Posture Image

Posture Disorders

Observing and correcting poor posture.

Posture & your lower back

Lumbar lordosis describes the hollow in the lower back. This helps to form a strong back. This lordosis is reduced when we sit slouching, lifting or bending forwards. Prolonged loss of lordosis or poor posture can overstretch the ligaments which link the vertebrae together.

Try this exercise: Bend a finger back and hold it. Now push a little further to the point of pain and over stretching. No damage is done in the short term, but in the long term ligaments may partially tear. With poor posture, spinal ligaments which cross the vertebrae can be strained in the same way and produce pain.

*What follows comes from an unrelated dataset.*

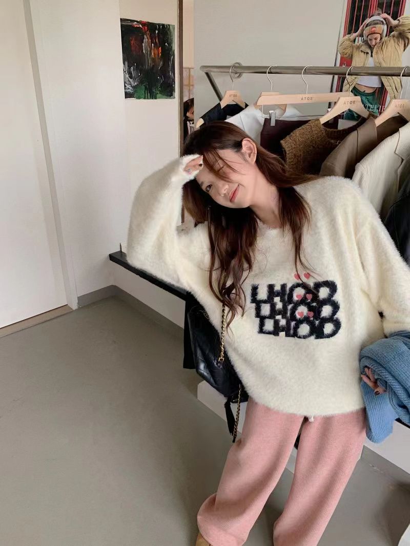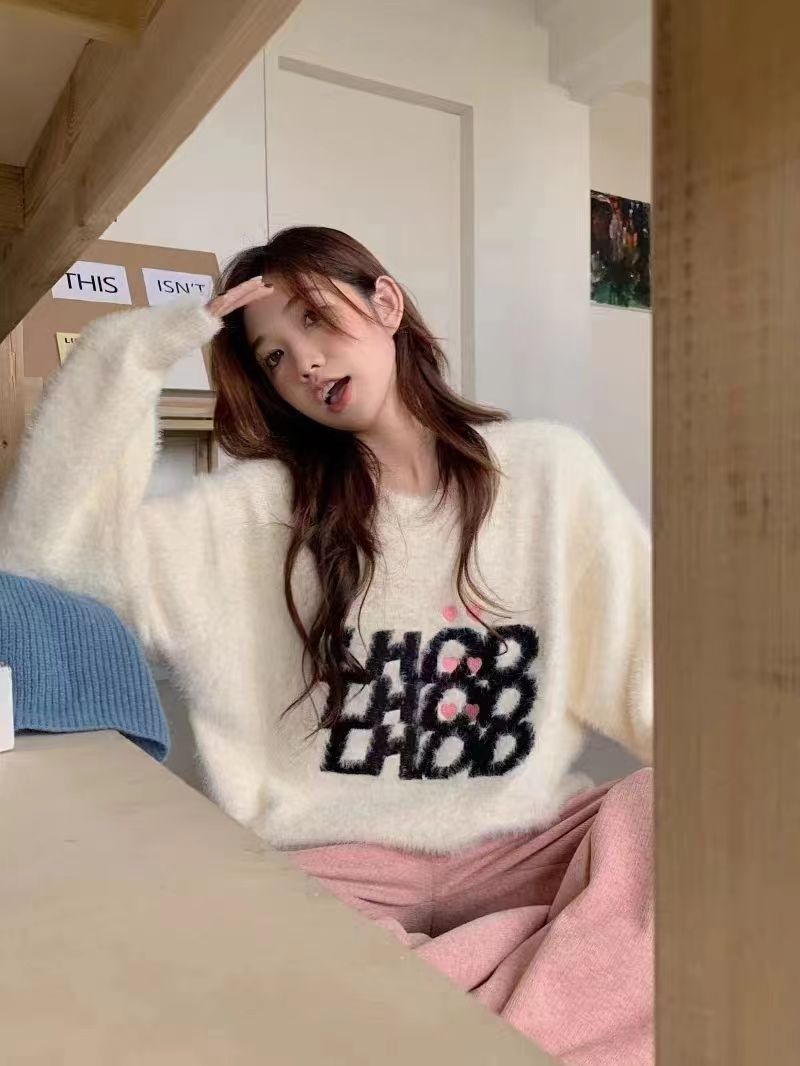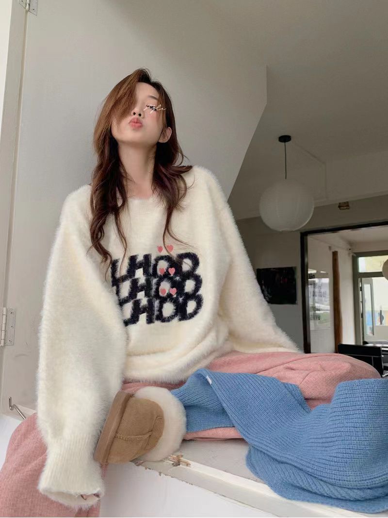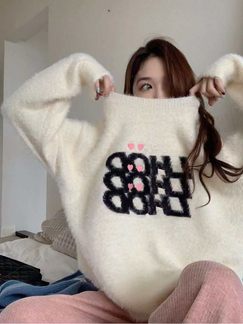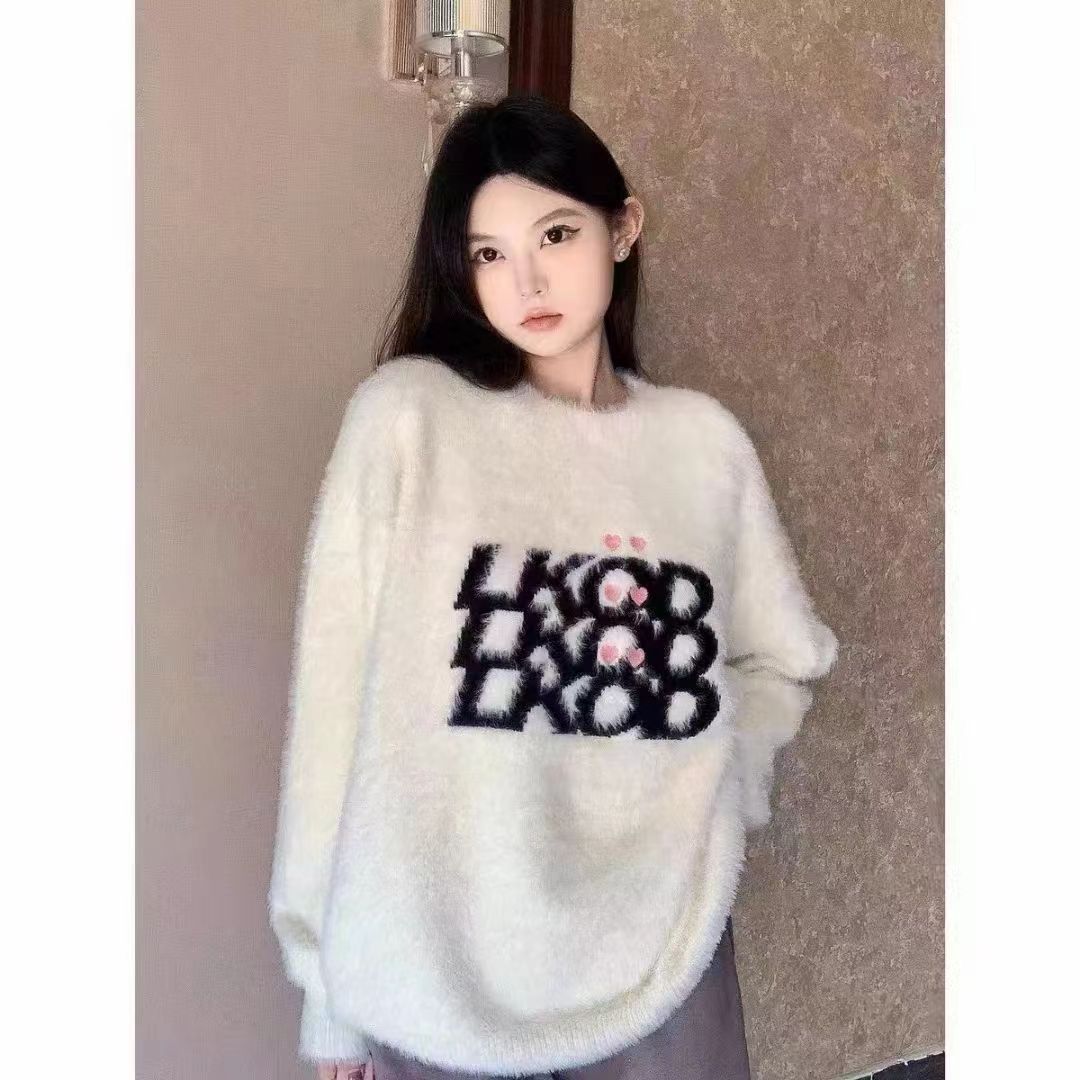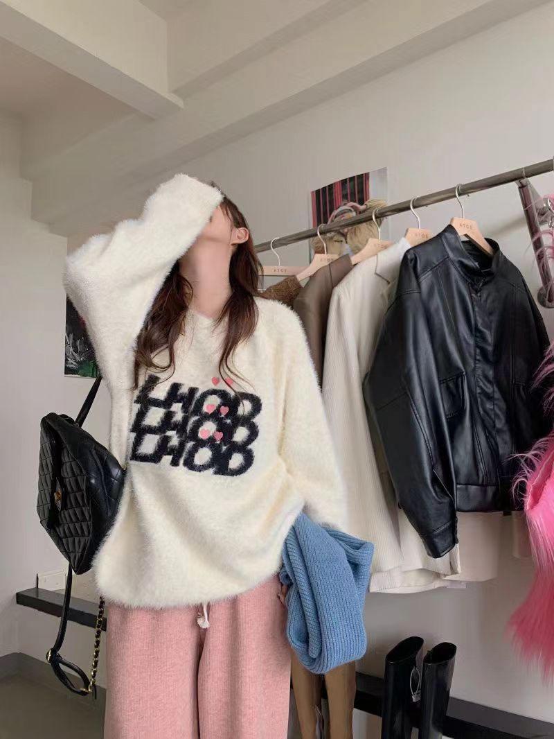 仿水貂绒毛衣秋冬慵懒风女装字母冬季套头宽松针织衫上衣毛衣23123104

Ligaments which support the spine and connect the vertebrae also form the retaining walls of the discs. Over stretched spinal ligaments can lead to less support for the discs, which can allow the discs to begin to bulge, creating sciatic neuropathy.

Posture & your neck

Prolonged anterior head tilt can cause tension on the spinal cord and brain stem. This results in up to 15kg of abnormal leverage on the cervical spine which can lead to reduced lung capacity. This could then result in heart and blood vascular problems and gastrointestinal problems such as loss of good bowel peristaltic function and evacuation. Adjusting your cervical and thoracic spine along with stretches and exercises can help correct imbalances in posture and improve spinal alignment.
Dowager’s hump can form around the top thoracic vertebrae and is accented with poor neck posture.